Por Sonia Castro Lopes
Ketelen Vitória Oliveira da Rocha, 6, não era enteada de político ou filha de uma suburbana deslumbrada, ávida por ascensão social. Mas era uma criança tal qual Henry Borel Medeiros, 4, e teve sua vida abreviada por lances de crueldade perpetrados pela madrasta com a anuência e cumplicidade da própria mãe. Talvez o caso não tenha a mesma repercussão daquele que o antecedeu. Afinal ali não havia glamour, seus personagens eram pessoas pobres moradoras no bairro Jardim das Acácias, município de Porto Real, no sul fluminense.
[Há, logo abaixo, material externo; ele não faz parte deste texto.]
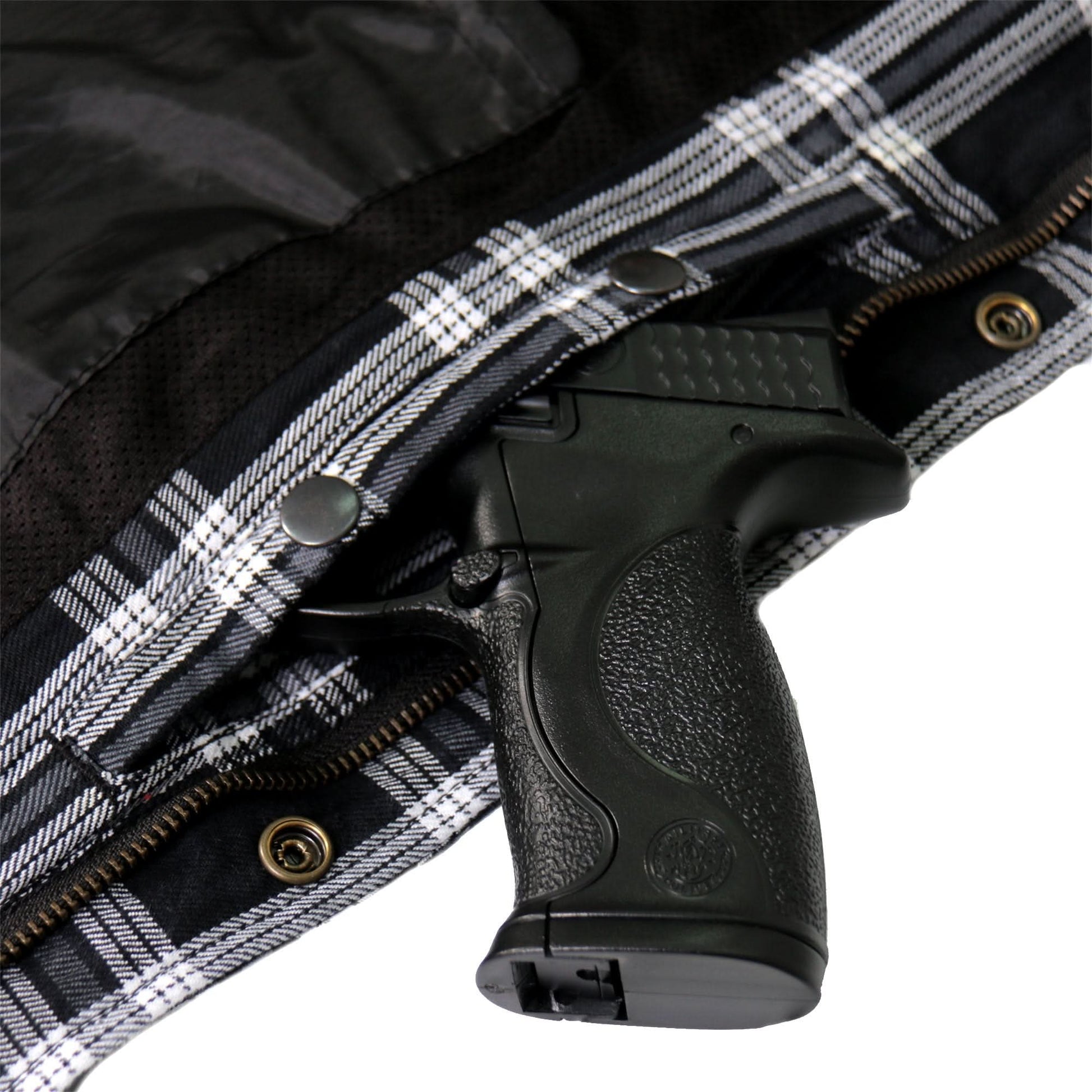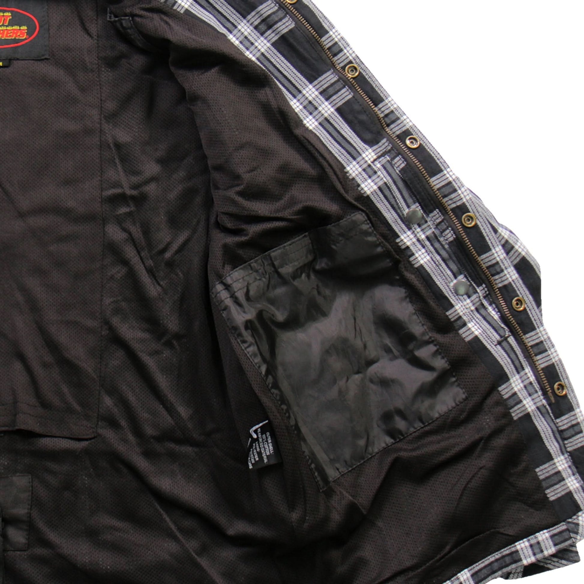 Hot Leathers JKM3002 Men's Motorcycle Black and White Armored Flannel Biker Jacket

Mas a violência e a crueldade de ambos chocam qualquer um que tenha um mínimo de sensibilidade e empatia pela dor do outro.
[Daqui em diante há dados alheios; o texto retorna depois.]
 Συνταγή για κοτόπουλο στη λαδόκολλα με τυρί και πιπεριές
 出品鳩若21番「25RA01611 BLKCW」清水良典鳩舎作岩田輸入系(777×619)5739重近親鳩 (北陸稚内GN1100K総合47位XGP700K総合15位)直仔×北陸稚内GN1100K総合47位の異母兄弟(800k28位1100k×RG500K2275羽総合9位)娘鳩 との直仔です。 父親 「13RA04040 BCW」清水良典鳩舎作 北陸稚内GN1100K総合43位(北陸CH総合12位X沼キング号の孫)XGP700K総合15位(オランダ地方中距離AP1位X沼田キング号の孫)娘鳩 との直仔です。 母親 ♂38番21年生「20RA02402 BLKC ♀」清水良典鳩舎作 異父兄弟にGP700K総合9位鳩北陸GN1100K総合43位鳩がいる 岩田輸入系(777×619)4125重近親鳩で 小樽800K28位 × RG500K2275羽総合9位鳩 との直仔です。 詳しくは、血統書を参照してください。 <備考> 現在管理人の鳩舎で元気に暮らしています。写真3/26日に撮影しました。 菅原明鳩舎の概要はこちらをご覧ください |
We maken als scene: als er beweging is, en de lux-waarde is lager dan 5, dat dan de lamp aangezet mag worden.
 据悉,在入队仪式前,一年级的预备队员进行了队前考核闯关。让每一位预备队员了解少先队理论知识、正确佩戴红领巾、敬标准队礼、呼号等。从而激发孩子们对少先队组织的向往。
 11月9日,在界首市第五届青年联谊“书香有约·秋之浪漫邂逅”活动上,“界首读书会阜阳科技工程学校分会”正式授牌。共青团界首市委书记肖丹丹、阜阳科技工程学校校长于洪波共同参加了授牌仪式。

Mantida sozinha num quarto onde lhe negavam até mesmo alimentação, a pobre menina era submetida a torturas constantes. A última que sofreu na sexta feira (16) prolongou-se por três dias e deixou-a em estado lastimável. A mãe da madrasta que a espancara chamou a ambulância e a criança foi internada em estado grave. Não o fez antes por medo da filha, extremamente agressiva. Após sete dias em coma, Katelen sofreu uma parada cardiorrespiratória e veio a falecer na madrugada deste sábado (24).
Quem são esses monstros? O que os leva a agir dessa forma? Tanto o vereador Jairinho quanto Brena Barbosa Nunes, 25, a madrasta de Katelen, devem odiar crianças. O vereador tem uma longa lista de agressões em seu currículo e filho de quem é – o coronel da Polícia Militar Jairo Souza Santos, ligado a grupos de milicianos – , imagina-se que possa ter presenciado e sofrido torturas e sevícias de todo tipo na infância. No caso de Brena, segundo sua própria mãe, a assassina também sempre foi uma pessoa agressiva, com episódios de violência contra ela e a avó, uma idosa de 86 anos. Por medo da filha, a mulher demorou a solicitar socorro e denunciar as criminosas.
As mães das crianças, que deveriam acolher e proteger os filhos, demonstraram atitudes que só nos causam revolta e indignação. Se Monique Medeiros, a mãe do menino Henry, foi ao salão embelezar-se no dia seguinte ao enterro do filho e, em depoimento, limitou-se a confirmar a tese mal ajambrada do companheiro; a outra, Gilmara Oliveira de Farias, 27, foi co-autora das atrocidades cometidas contra a própria filha.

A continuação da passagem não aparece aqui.